Use Oracle for CS - this means learning Math and CoL early - the best approach to acquiring the bulbs for this is tech Pottery and Writing early. Farm enough tiles to run two scientists in the capital with a Library while going Myst -> Med -> Priest -> CoL At higher levels Math is bulbed using the first GS from the capital. Limit yourself to 2 or 3 cities until CoL is complete as you don't want to slow down the tech rate until after.

Early Oxford - After CS tech Currency - sell techs to keep tech rate at 100% while expanding to 6-8 cities. Build libraries in 6 cities while teching Paper & Edu. Whip/Chop Uni's when Edu is in. Max hammers in chosen Oxford city (usually the capital). Forests should all have been prechopped and hopefully stone is connected. (You can trade for stone with AI if they have an extra and they are friendly - give anything they want for it and tehn cancel after Oxford is complete).
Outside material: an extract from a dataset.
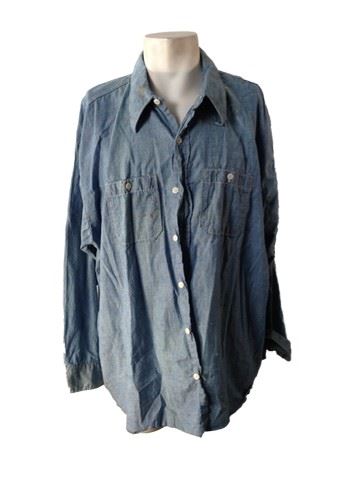Joseph (Geza Rohrig) screen worn, hero, blue heavily distressed work shirt.

Beeline SuperConductors - after Edu this is your tech path - do not waver just use trades or forced offerings from the AI to fill in everything else. The more tech from the AI the better. Hoard Edu and use Lib as late as possible for a big tech - don't settle for Nationalism - you can fill in techs by trading Nat without giving up control of Lib. Just don't trae Edu.
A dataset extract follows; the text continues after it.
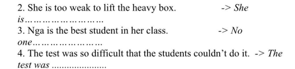 `=>` S + is / am / are / ... + too adj ( for O ) + to do sth
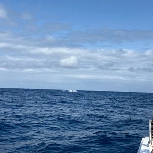くじらスポットで待っていると、遠くにくじらがしおをふいてるのが見えました。他にも3艘の船が集まっていて、まわりを囲っている感じでした。そこから何度か移動して、しおをふいているところは何度かみることができました。ほかの船はもう帰ってしまい、あと一回見たら帰ります、と言われたあと、すごく近くの水面下にくじらがいるところに移動してくれて、しばらく待っていたら大きくうねって尾びれを見せてくれました!感動でした!最後までねばってくれてとてもよい経験ができました。ありがとうございます!

You will of course select different cities for science vs production. Science cities get as many cottages as you can, Production cities get farms. Don't try to cottage everything. You will need to continue tech while building the space parts.
 
Best strats for building an army fast to take out other is to find the breakpoints. By that, I mean find the tech to give you the best benefit, and strike while that's hot. So some common strategies:

1. Cuiraspy war. Bank EPs against an opponent. Depending on tech path, either build some knights before, or if not, be prepared to whip like crazy. You will regrow, but with 6 cities, whip each one every 4-5 turns, and after about 10-12 turns, you probably have 15 or more cuirassiers, which is probably enough to surprise a neighbour. Make sure your spies are in place, and strike.

2. Cannons. Cannons are murder on the field. And do you know what? They're cheap. And cheap to upgrade to. Build lots of trebs/grenadiers/musketmen/macemen/knights or whatever else you have. Tech to steel. Upgrade Trebs to cannons. Win. Even if you're facing riflemen, you can defeat them with mass cannons.

3. Drafted army. If you have the setup (high food town -> put Globe in there), you can draft an army really fast. This works well with the cannons setup above drafting a bunch of muskets to go with the cannons, or it also works with drafting riflemen (if you lack iron, then a Treb/Rifle war is pretty strong).

The big keys here is that the AI are dump. I've seen them avoid rifling until pretty late in the game. And without rifles, any of the above strats work really well. The key is to whip and draft like there's no tomorrow, since, as you are well aware, if you don't strike early, there is no tomorrow. Another big thing that helps is to take your intended target, and either bribe someone else to war with them a few turns before you attack, or bribe them to war with someone else. They'll send their big stacks to get slaughtered, and then you can go in for the kill. Just be careful that they don't vassal to someone else, but it can definitely help in some instances.